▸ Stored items
- - - - -

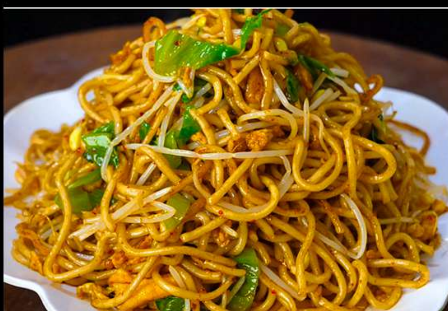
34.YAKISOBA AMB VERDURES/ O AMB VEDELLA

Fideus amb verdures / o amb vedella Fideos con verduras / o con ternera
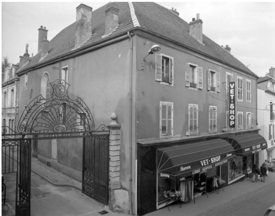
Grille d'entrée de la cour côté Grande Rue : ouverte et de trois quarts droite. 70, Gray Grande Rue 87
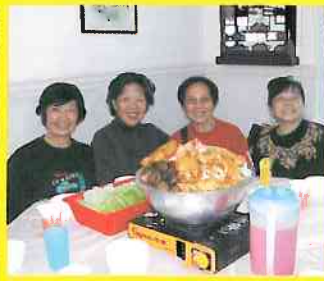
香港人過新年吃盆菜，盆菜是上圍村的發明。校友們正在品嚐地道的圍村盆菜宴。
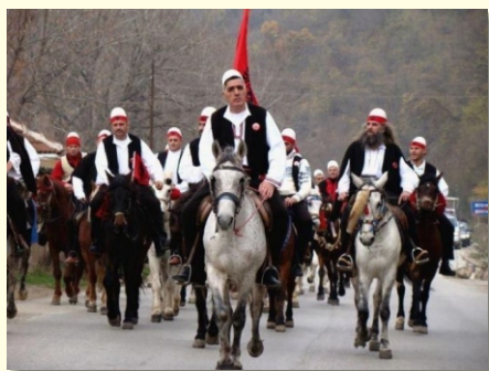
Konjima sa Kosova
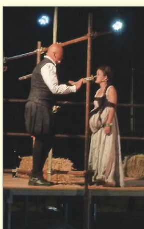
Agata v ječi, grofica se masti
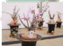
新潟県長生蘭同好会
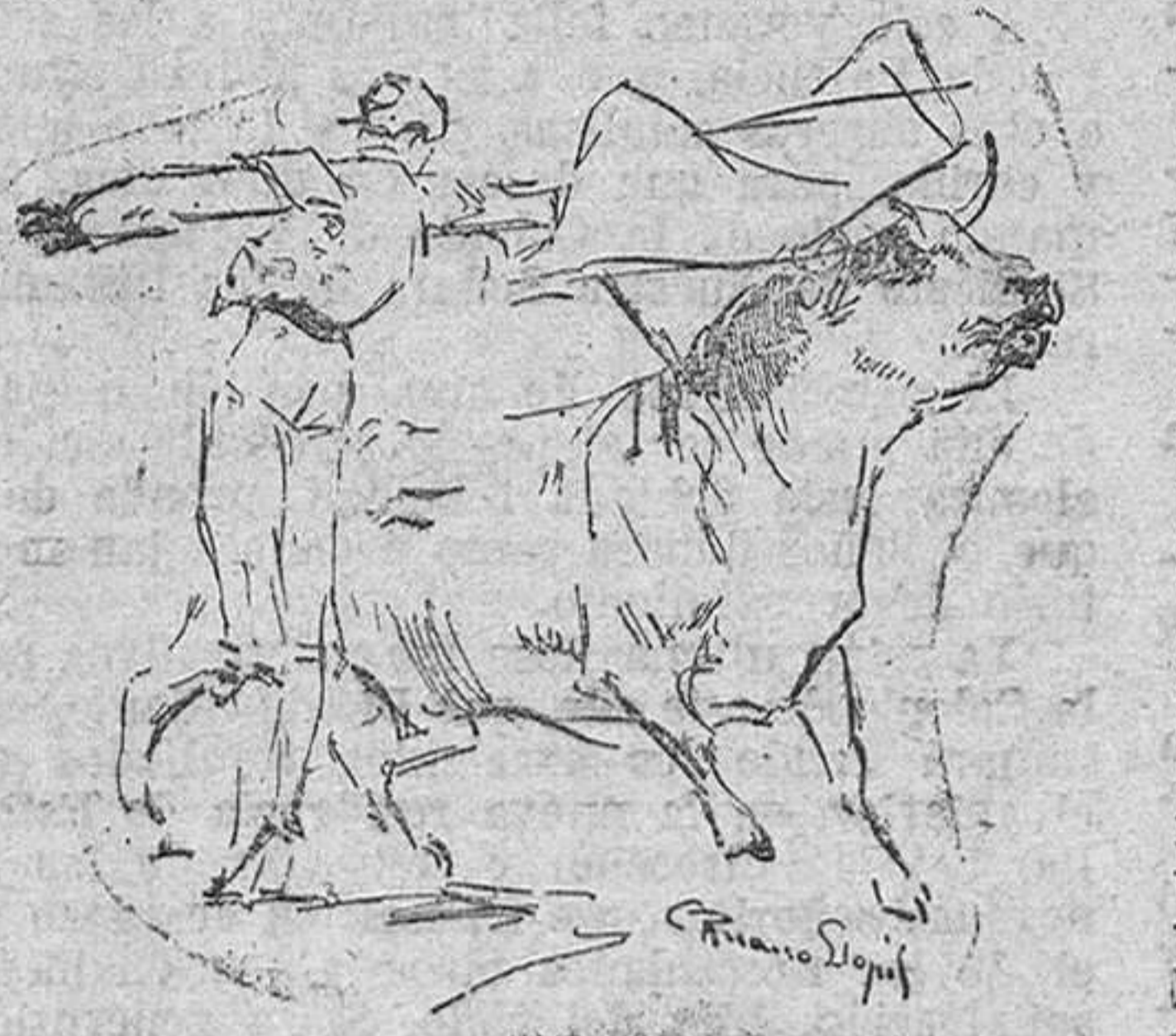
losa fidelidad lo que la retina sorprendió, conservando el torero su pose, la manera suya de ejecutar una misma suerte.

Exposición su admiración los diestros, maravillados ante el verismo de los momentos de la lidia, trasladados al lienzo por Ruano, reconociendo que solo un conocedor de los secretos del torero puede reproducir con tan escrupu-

- - - - -

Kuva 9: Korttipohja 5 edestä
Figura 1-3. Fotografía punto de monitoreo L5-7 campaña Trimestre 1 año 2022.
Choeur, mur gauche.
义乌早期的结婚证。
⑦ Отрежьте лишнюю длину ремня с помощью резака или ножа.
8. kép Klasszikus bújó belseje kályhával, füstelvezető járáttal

- - - - -

▸ TASK DIRECTIONS
Nothing outside the stretch above, from the line with "34.YAKISOBA AMB VERDURES/ O AMB VEDELLA" through the line with "losa fidelidad lo", is set down. Transcribe that stretch exactly, ends included, but not its pictures.

▸ EXPECTED ANSWER
34.YAKISOBA AMB VERDURES/ O AMB VEDELLA

Fideus amb verdures / o amb vedella Fideos con verduras / o con ternera
Grille d'entrée de la cour côté Grande Rue : ouverte et de trois quarts droite. 70, Gray Grande Rue 87
香港人過新年吃盆菜，盆菜是上圍村的發明。校友們正在品嚐地道的圍村盆菜宴。
Konjima sa Kosova
Agata v ječi, grofica se masti
新潟県長生蘭同好会
losa fidelidad lo que la retina sorprendió, conservando el torero su pose, la manera suya de ejecutar una misma suerte.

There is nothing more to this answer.